67-410.
Formation of partnership.
(1) Except as otherwise provided in subsection (2) of this section, the association of two or more persons to carry on as co-owners a business for profit forms a partnership, whether or not the persons intend to form a partnership.
(2) An association formed under a statute other than the Uniform Partnership Act of 1998, a predecessor statute, or a comparable statute of another jurisdiction is not a partnership under the act.

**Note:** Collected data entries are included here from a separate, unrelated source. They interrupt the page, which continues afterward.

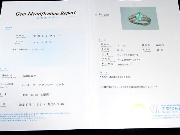 ●ブラジル産 ●1.082ct 【ct数の刻印あり】 ◆天然ダイヤモンド ●総計0.58ct 【ct数の刻印あり】 ◆付属品【中央宝石研究所】発行 産地特定宝石鑑別書&分析報告書】 |
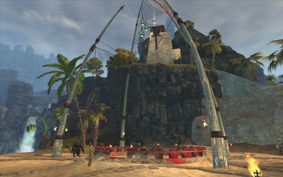 A combat arena set up on the beach. This is taken from one of the vistas in the area.
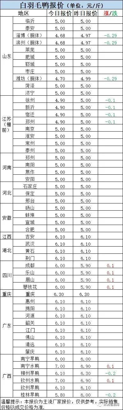 北方市场毛鸭报走弱格局,局部开始下调。南方活禽旱鸭走弱下滑,水鸭稳走略涨。
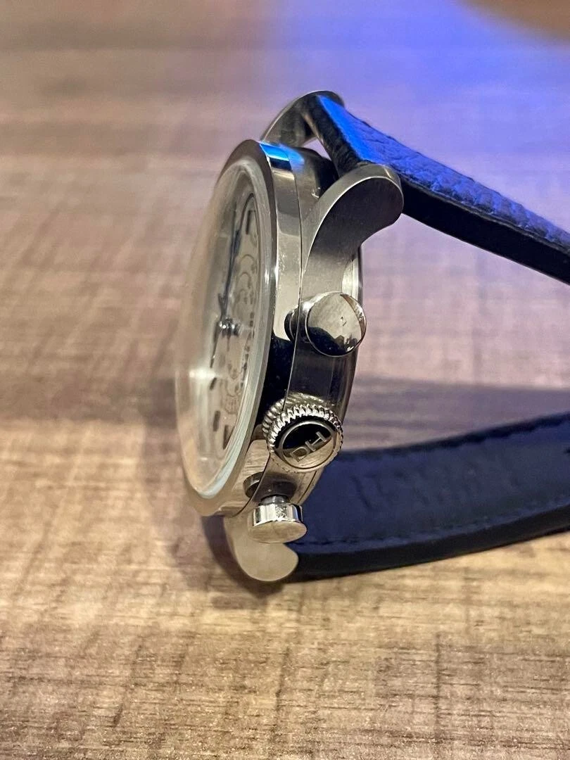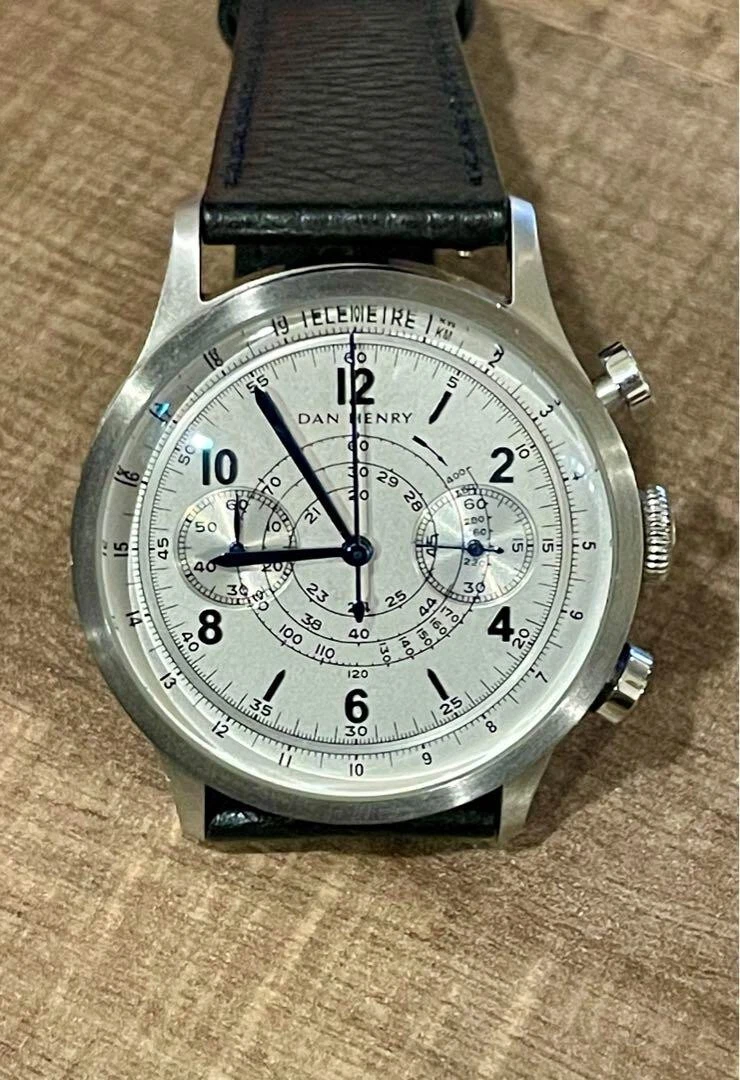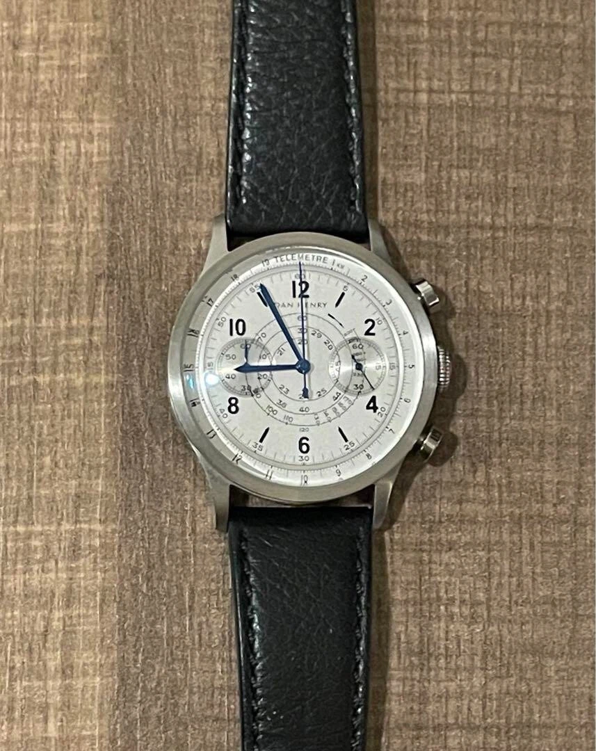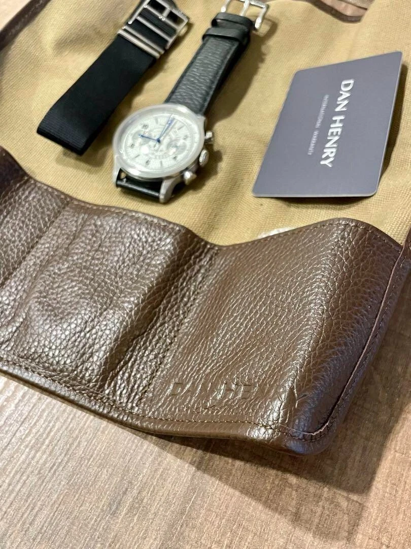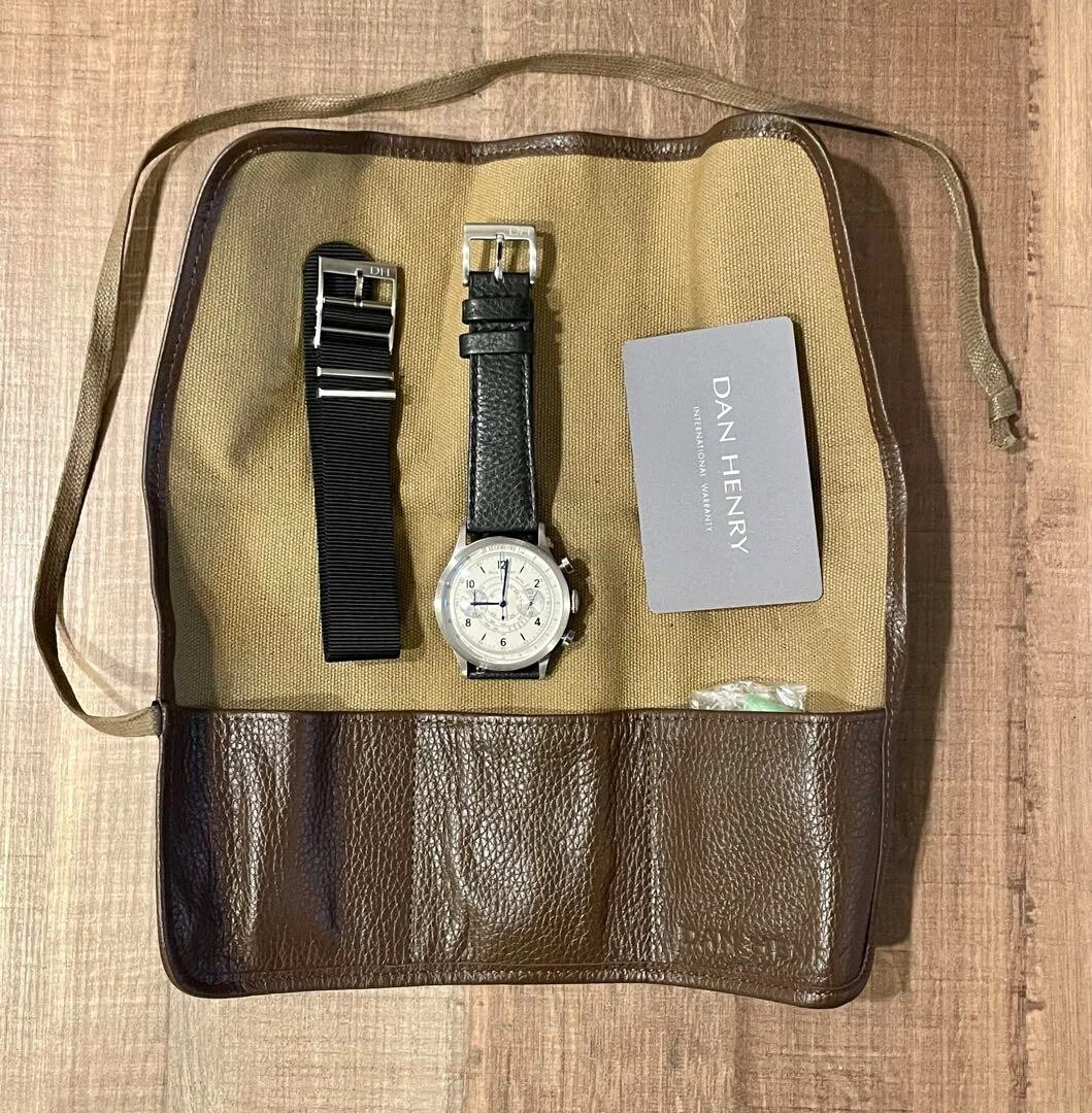 DAN HENRY 1939 41mm quartz analog watch + case, belt very good

(3) In determining whether a partnership is formed, the following rules apply:
(a) Joint tenancy, tenancy in common, tenancy by the entireties, joint property, common property, or part ownership does not by itself establish a partnership, even if the co-owners share profits made by the use of the property;
(b) The sharing of gross returns does not by itself establish a partnership, even if the persons sharing them have a joint or common right or interest in property from which the returns are derived; and
(c) A person who receives a share of the profits of a business is presumed to be a partner in the business, unless the profits were received in payment:
(i) Of a debt by installments or otherwise;
(ii) For services as an independent contractor or of wages or other compensation to an employee;
(iii) Of rent;
(iv) Of an annuity or other retirement or health benefit to a beneficiary, representative, or designee of a deceased or retired partner;
(v) Of interest or other charge on a loan, even if the amount of payment varies with the profits of the business, including a direct or indirect present or future ownership of the collateral, or rights to income, proceeds, or increase in value derived from the collateral; or
(vi) For the sale of the goodwill of a business or other property by installments or otherwise.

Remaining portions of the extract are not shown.